November 2, 2009
Processed Food May Increase Depression
New research suggests that eating a diet high in processed food increases the risk of depression, BBC News reported.
A team of researchers from the University College London found that people who ate plenty of vegetables, fruit and fish actually had a lower risk of depression.
The British Journal of Psychiatry report compared dietary data on 3,500 middle-aged civil servants with depression data five years later.
The study is the first to look at the UK diet and depression.
Participants were split into two groups: those who ate a diet largely based on whole foods, which includes lots of fruit, vegetables and fish, and those who ate a mainly processed food diet, such as sweetened desserts, fried food, processed meat, refined grains and high-fat dairy products.
They found a significant difference in future depression risk with the different diets, after accounting for factors such as gender, age, education, physical activity, smoking habits and chronic diseases.
A 26 percent lower risk of future depression was noted for those who ate the most whole foods compared to those who ate the least whole foods. Also, those with a diet high in processed food had a 58 percent higher risk of depression than those who ate very few processed foods.
While there was no association with diet and previous diagnosis of depression, the researchers cannot totally rule out the possibility that people with depression may eat a less healthy diet.
There is a chance the finding could be explained by a lifestyle factor we had not accounted for, according to study author Dr. Archana Singh-Manoux.
"A Mediterranean diet was associated with a lower risk of depression but the problem with that is if you live in Britain the likelihood of you eating a Mediterranean diet is not very high. So we wanted to look at bit differently at the link between diet and mental health," Singh-Manoux said.
Nutritionists are currently unable to explain why some foods may protect against or increase the risk of depression. However, there may be a link with inflammation reminiscent to conditions like heart disease.

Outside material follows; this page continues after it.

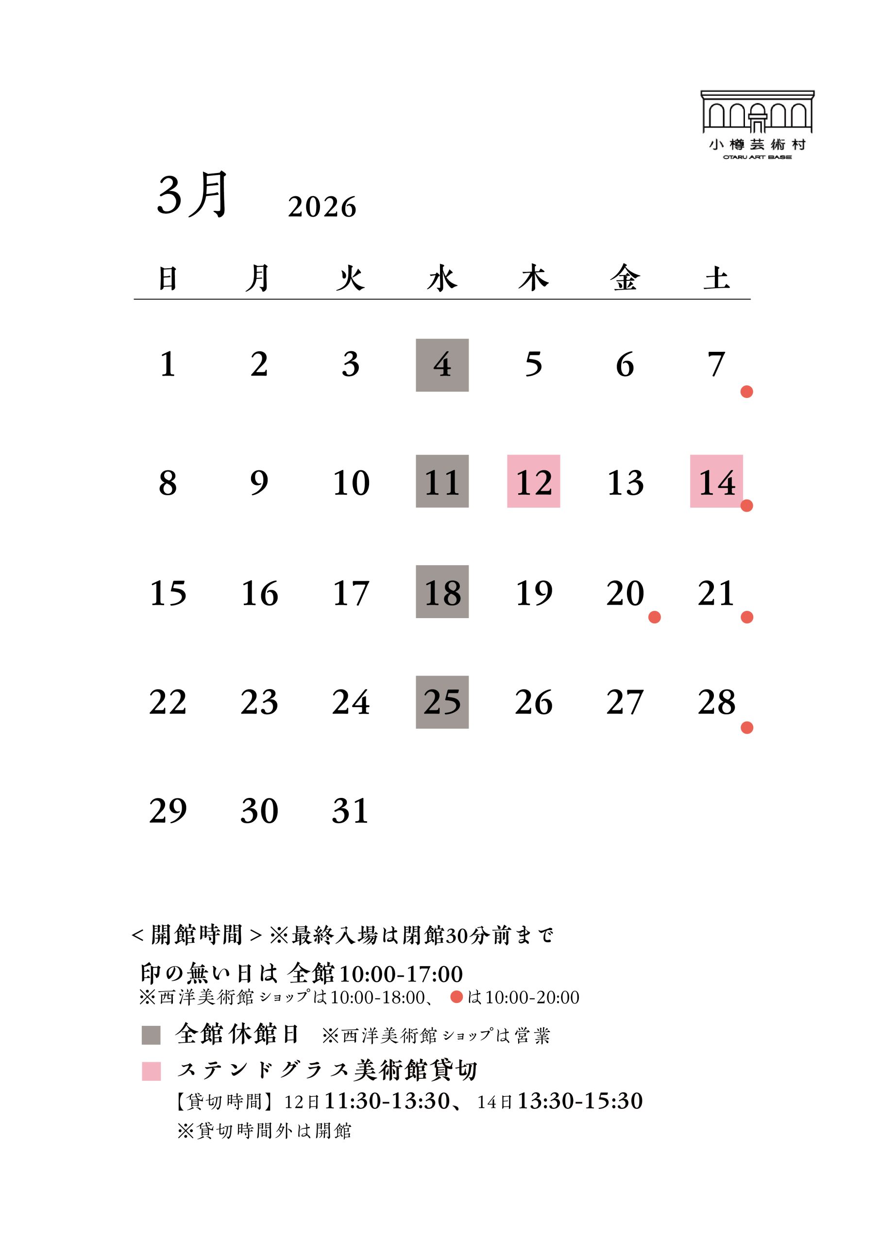 開館時間、休館日は変更となる場合がございます。 本欄にて最新情報をお知らせして参りますので、お出かけ前にご確認ください。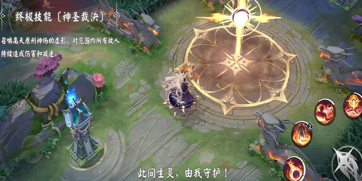 5、終極技能神圣裁決在指定區(qū)域召喚刑神場,對范圍內(nèi)敵人造成傷害及減速,刑神場存在期間每零點(diǎn)五秒造成傷害及減速,11級(jí)后中心處刑十字有額外效果。

"This study adds to an existing body of solid research that shows the strong links between what we eat and our mental health. Major studies like this are crucial because they hold the key to us better understanding mental illness," said Dr. Andrew McCulloch, chief executive of the Mental Health Foundation.
He warned that people's diets are becoming increasingly unhealthy and said the UK population is consuming less nutritious, fresh produce and more saturated fats and sugars.
"We are particularly concerned about those who cannot access fresh produce easily or live in areas where there are a high number of fast food restaurants and takeaways," he said.
"Physical and mental health are closely related, so we should not be too surprised by these results, but we hope there will be further research which may help us to understand more fully the relationship between diet and mental health," said Margaret Edwards, head of strategy at the mental health charity SANE.